Moral uncertainty might help if it resulted in the verdict that you all things considered should prefer positive-utilitarian futures (no matter their uncompensable suffering) over annihilation. But I'm not quite sure how moral uncertainty could deliver that verdict if you really regard the suffering as uncompensable. How could a lower degree of credence in ordinary positive goods rationally outweigh a higher degree of credence in uncompensable bads? It seems like you'd instead need to give enough credence to something even worse: e.g. violating an extreme deontic constraint against annihilation. But that's very hard to credit, given the above-quoted case where annihilation is "obviously preferable".)

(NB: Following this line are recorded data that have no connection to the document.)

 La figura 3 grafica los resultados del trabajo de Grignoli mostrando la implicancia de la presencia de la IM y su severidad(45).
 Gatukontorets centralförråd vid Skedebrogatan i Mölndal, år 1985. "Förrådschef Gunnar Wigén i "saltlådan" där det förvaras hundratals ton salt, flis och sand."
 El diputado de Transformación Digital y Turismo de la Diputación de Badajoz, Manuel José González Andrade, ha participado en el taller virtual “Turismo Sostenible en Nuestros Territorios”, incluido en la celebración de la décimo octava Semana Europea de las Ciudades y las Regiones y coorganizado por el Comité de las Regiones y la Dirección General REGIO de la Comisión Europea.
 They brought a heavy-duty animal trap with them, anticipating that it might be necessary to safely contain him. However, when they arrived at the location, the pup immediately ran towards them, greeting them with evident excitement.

The "irreversibility" consideration does seem stronger here, but I think ultimately rests on a much more radical form of moral uncertainty: it's not just that you should give some (minority) weight to other views, but that you should give significant weight to the possibility that a more ideally rational agent would give almost no weight to such a pro-annihilationist view as this. Some kind of anti-hubris norm along these lines should probably take priority over all of our first-order views. I'm not sure what the best full development of the idea would look like, though. (It seems pretty different from ordinary treatments of moral uncertainty!) Pointers to related discussion would be welcome!

I think a more promising form of suffering-focused ethics would explore some form of "variable value" approach, which avoids annihilationism in principle by allowing harms to be compensated (by sufficient benefits) when the alternative is no population at all, but introduces variable thresholds for various harms being specifically uncompensable by extra benefits beyond those basic thresholds. I'm not sure whether a view of this structure could be made to work, but it seems more worth exploring than pro-annihilationist principles.

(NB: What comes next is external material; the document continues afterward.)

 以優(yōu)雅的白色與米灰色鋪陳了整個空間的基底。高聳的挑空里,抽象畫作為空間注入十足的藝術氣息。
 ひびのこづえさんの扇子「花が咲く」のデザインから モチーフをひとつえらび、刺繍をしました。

River @ 2025-10-07T19:00 (+1)

My main issue here is a linguistic one. I've considered myself a utilitarian for years. I've never seen anything like this UC, though I think I agree with it, and with a stronger version of premise 4 that does insist on something like a mapping to the real numbers. You are essentially constructing an ethical theory, which very intentionally insists that there is no amount good that can offset certain bads, and trying to shove it under the label "utilitarian". Why? What is your motivation? I don't get that. We already have a label for such ethical theories, deontology. The usefulness of having the label "utilitarian" is precisely to pick out those ethical theories that do at least in principle allow offsetting any bad with a sufficient good. That is a very central question on which people's ethical intuitions and judgments differ, and which this language of utilitarianism and deontology has been created to describe. This is where one of realities joints is. 

For myself, I do not share your view that some bads cannot be offset. When you talk of 70 years of the worst suffering in exchange for extreme happiness until the heat death of the universe, I would jump on that deal in a heartbeat. There is no part of me that questions whether that is a worthwhile trade. I cannot connect with your stated rejection of it. And I want to have labels like "utiliarian" and "effective altruist" to allow me to find and cooperate with others who are like me in this regard. Your attempt to get your view under these labels seems both destructive of my ability to do that, and likely unproductive for you as well. Why don't you want to just use other more natural labels like "deontology" to find and cooperate with others like you?